▶ **INFORMATION PROVIDED**
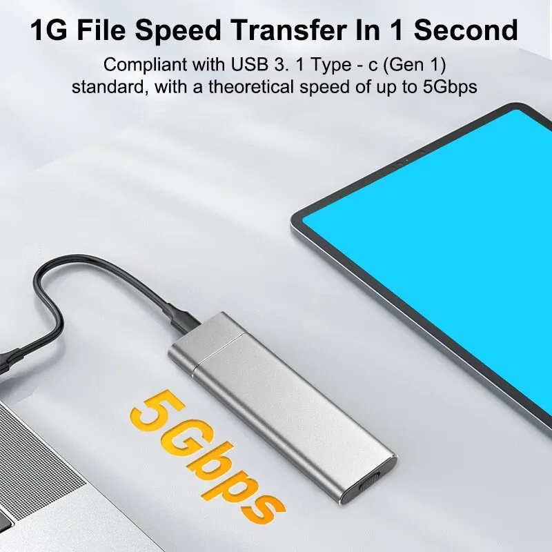 When using M.2 SATA SSD, the transmission rate is 5Gbps, and the reading and writing speed is 450MB/s.
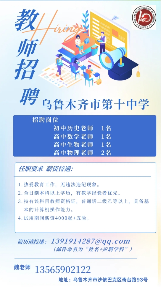 2025年新疆乌鲁木齐市第十中学教师招聘公告
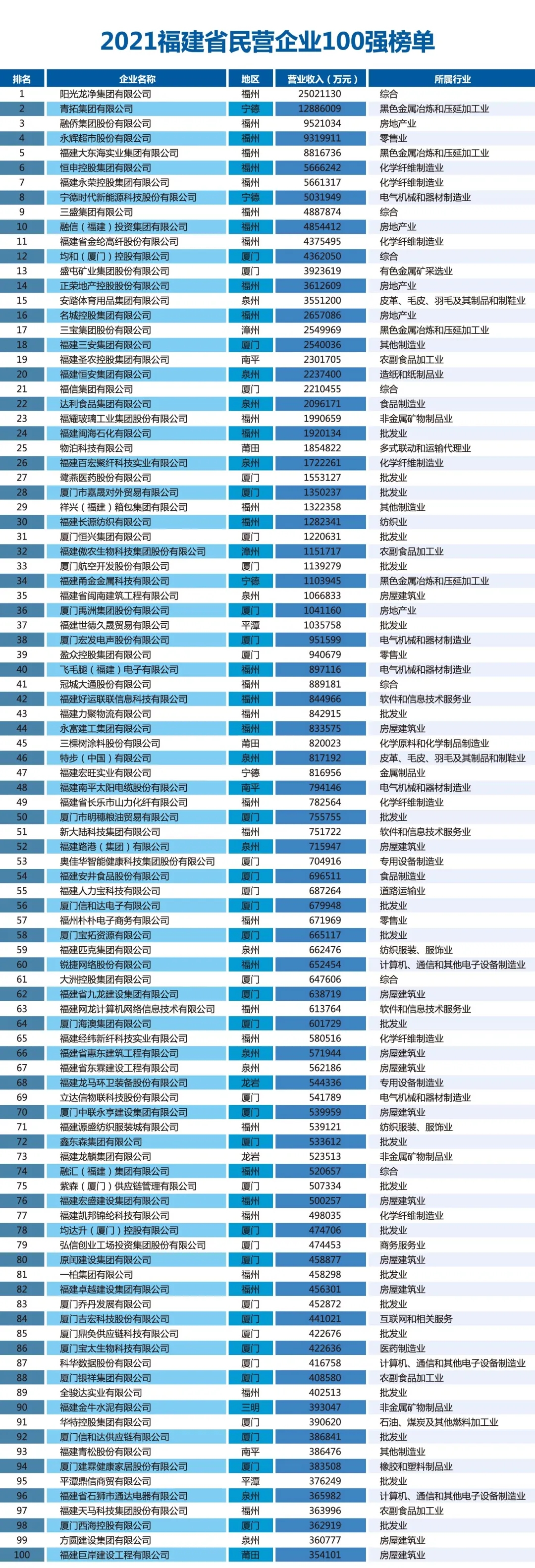 會(huì)上,省委統(tǒng)戰(zhàn)部副部長、省工商聯(lián)黨組書記李家榮代表省工商聯(lián)發(fā)布了“2021福建省民營企業(yè)100強(qiáng)”“2021福建省創(chuàng)新型民營企業(yè)100強(qiáng)”“2021福建省民營企業(yè)制造業(yè)50強(qiáng)”榜單。“2021福建省民營企業(yè)100強(qiáng)”中,廈門恒興集團(tuán)有限公司位列第31位,廈門寶拓資源有限公司位列第58位。
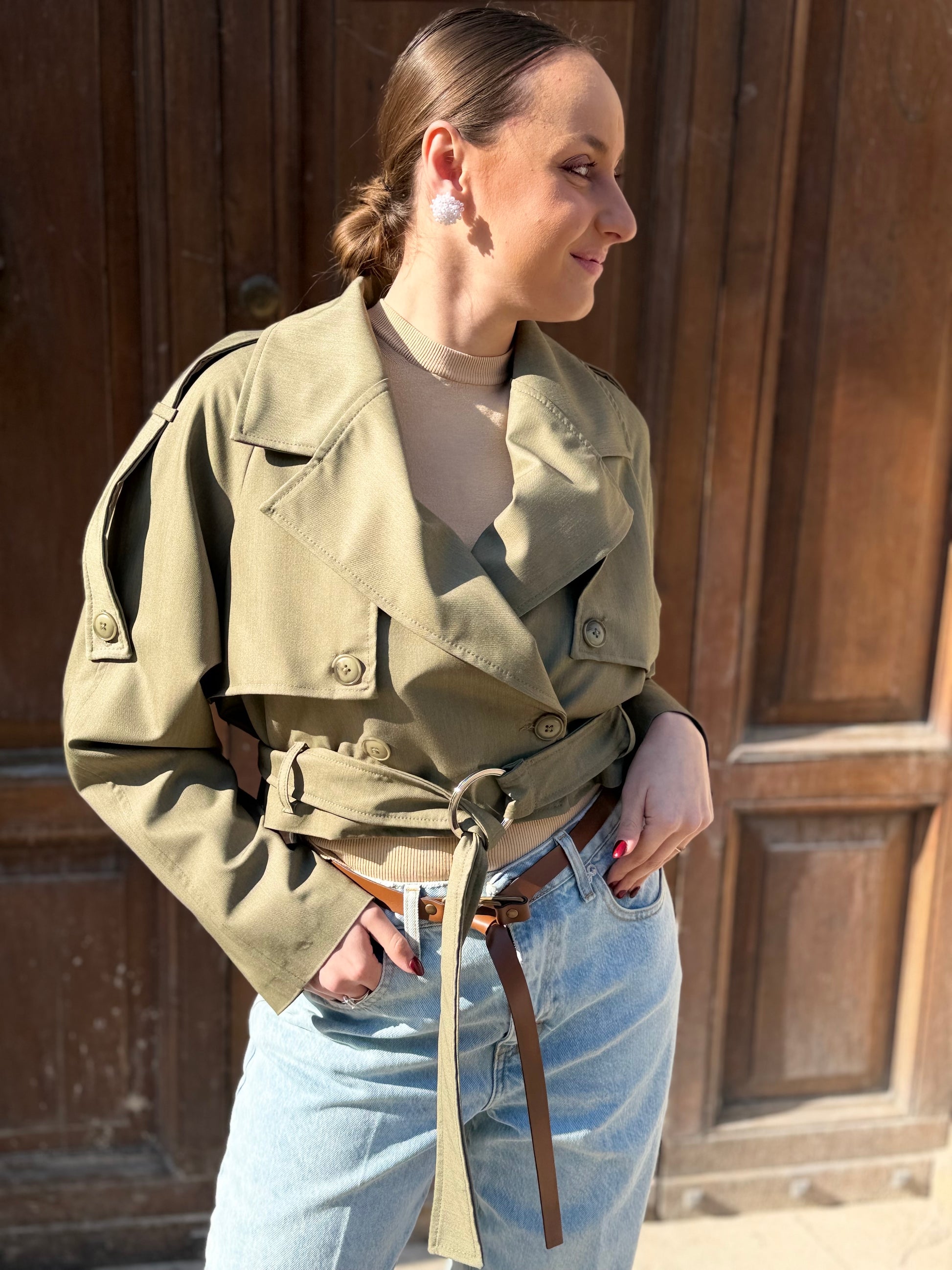 Chiodo crop in tessuto, doppiopetto, foderato internamente.
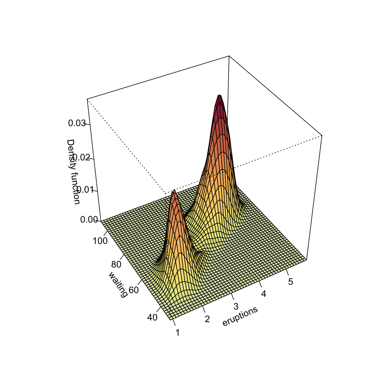 Multivariate kernel density estimation and bandwidth selection is not supported in base R, but the ks package implements the kde by ks::kde for \(p\leq6.\) Bandwidth selectors, allowing for full or diagonal bandwidth matrices are implemented by: ks::Hns (NS), ks::Hpi and ks::Hpi.diag (DPI), ks::Hlscv and ks::Hlscv.diag (LSCV), and ks::Hbcv and ks::Hbcv.diag (BCV). The next chunk of code illustrates their usage with the faithful dataset.
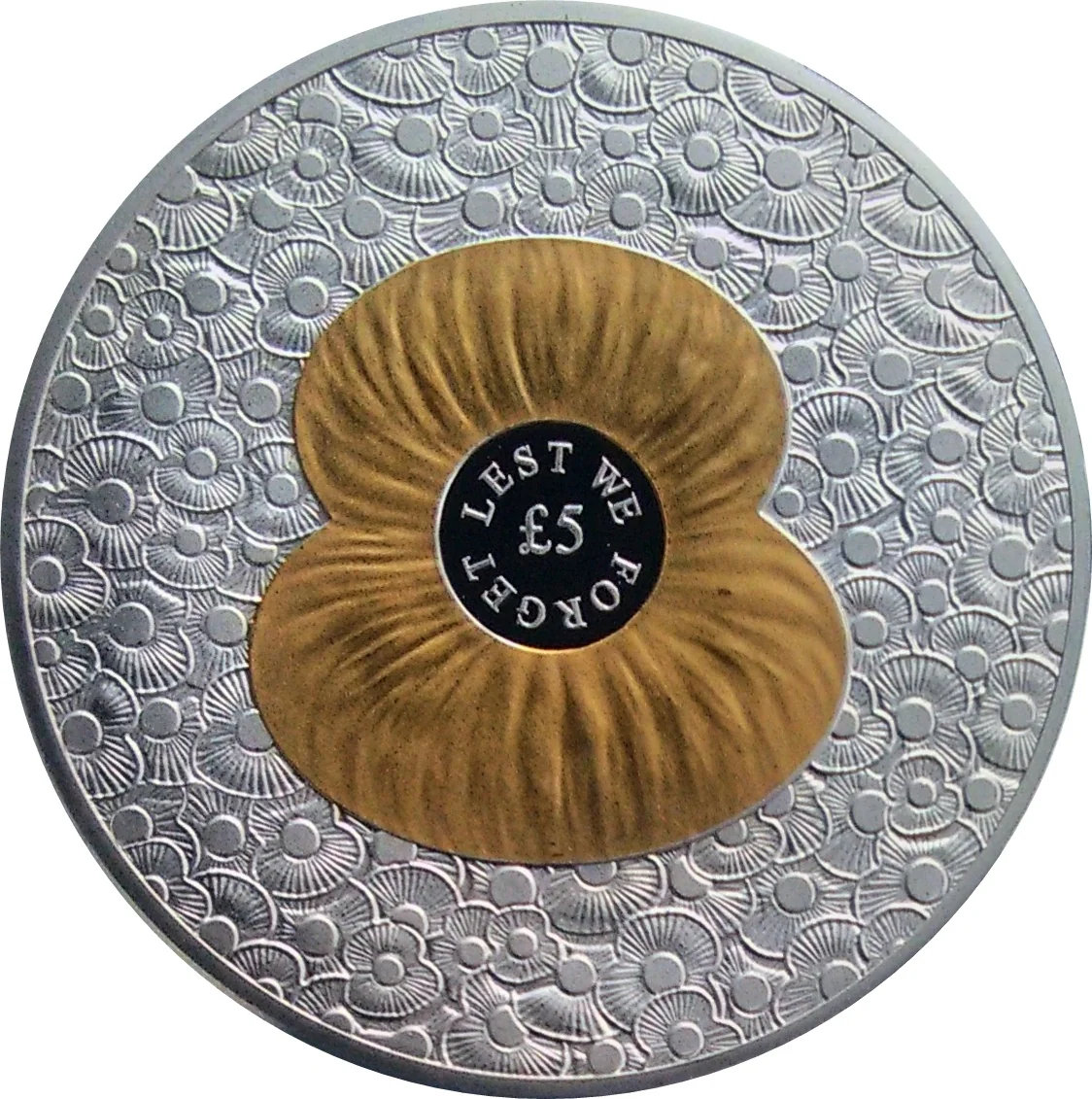 One hundred poppies encircling a larger gold poppy with central lettering.

▶ **GOAL OF THE EXERCISE**
Would you retype exactly the lines running from the line that contains "2025年新疆乌鲁木齐市第十中学教师招聘公告" through the end of the listing above, both included? Skip every picture.

▶ **WRITTEN ANSWER**
 2025年新疆乌鲁木齐市第十中学教师招聘公告
 會(huì)上,省委統(tǒng)戰(zhàn)部副部長、省工商聯(lián)黨組書記李家榮代表省工商聯(lián)發(fā)布了“2021福建省民營企業(yè)100強(qiáng)”“2021福建省創(chuàng)新型民營企業(yè)100強(qiáng)”“2021福建省民營企業(yè)制造業(yè)50強(qiáng)”榜單。“2021福建省民營企業(yè)100強(qiáng)”中,廈門恒興集團(tuán)有限公司位列第31位,廈門寶拓資源有限公司位列第58位。
 Chiodo crop in tessuto, doppiopetto, foderato internamente.
 Multivariate kernel density estimation and bandwidth selection is not supported in base R, but the ks package implements the kde by ks::kde for \(p\leq6.\) Bandwidth selectors, allowing for full or diagonal bandwidth matrices are implemented by: ks::Hns (NS), ks::Hpi and ks::Hpi.diag (DPI), ks::Hlscv and ks::Hlscv.diag (LSCV), and ks::Hbcv and ks::Hbcv.diag (BCV). The next chunk of code illustrates their usage with the faithful dataset.
 One hundred poppies encircling a larger gold poppy with central lettering.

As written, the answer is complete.